Government (update needed)
- • Type: Town
- • Body: Town Council
- • President: Gerald Swets (R, 3rd)
- • Vice-President: Mike Aurelio (R, 1st)
- • Members:: Bryan Blazak (R, AL), Wayne Pondinas (R, AL), Michael Schilling (R, 2nd)
- • Clerk-Treasurer: Beth Hernandez (R)
- • Town Manager: Bill Manousopoulos

Area
- • Total: 12.75 sq mi (33.02 km^{2})
- • Land: 12.66 sq mi (32.80 km^{2})
- • Water: 0.085 sq mi (0.22 km^{2})
- Elevation: 699 ft (213 m)

Population (2020)
- • Total: 20,303
- • Estimate (2025): 24,841
- • Density: 1,603.4/sq mi (619.06/km^{2})

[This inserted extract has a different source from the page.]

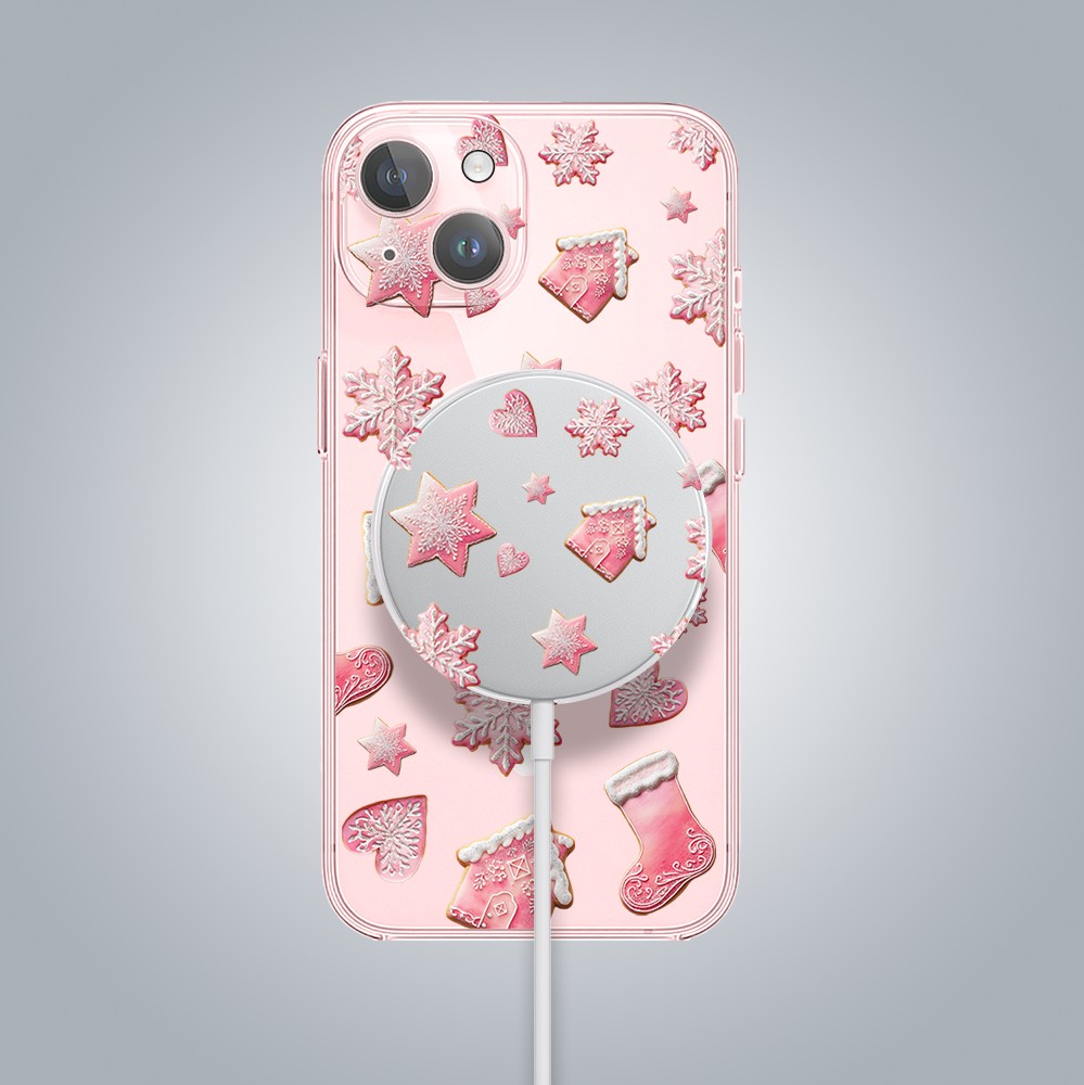 • Etui na ładowarkę MagSafe antypoślizgowe, transparentne z wzorem różowe pierniczki

Standard of living (2008-12)
- • Per capita income: $36,490
- • Median home value: $254,600
- Time zone: UTC-6 (Central)
- • Summer (DST): UTC-5 (Central)
- ZIP code: 46373
- Area code: 219
- FIPS code: 18-66852
- GNIS feature ID: 2396898
- Website: stjohnin.gov

= St. John, Indiana =

St. John or Saint John is a town in Lake County, Indiana, United States. St. John is located in St. John Township, Hanover Township, and Center Township. It is a southeastern suburb of Chicago. St. John was founded in 1837. The population was 20,303 at the 2020 census.

==History==
The St. John post office was established in 1846. The community took its name from Saint Johns Church. The Church was the first church in Lake County and was founded by German immigrant John Hack.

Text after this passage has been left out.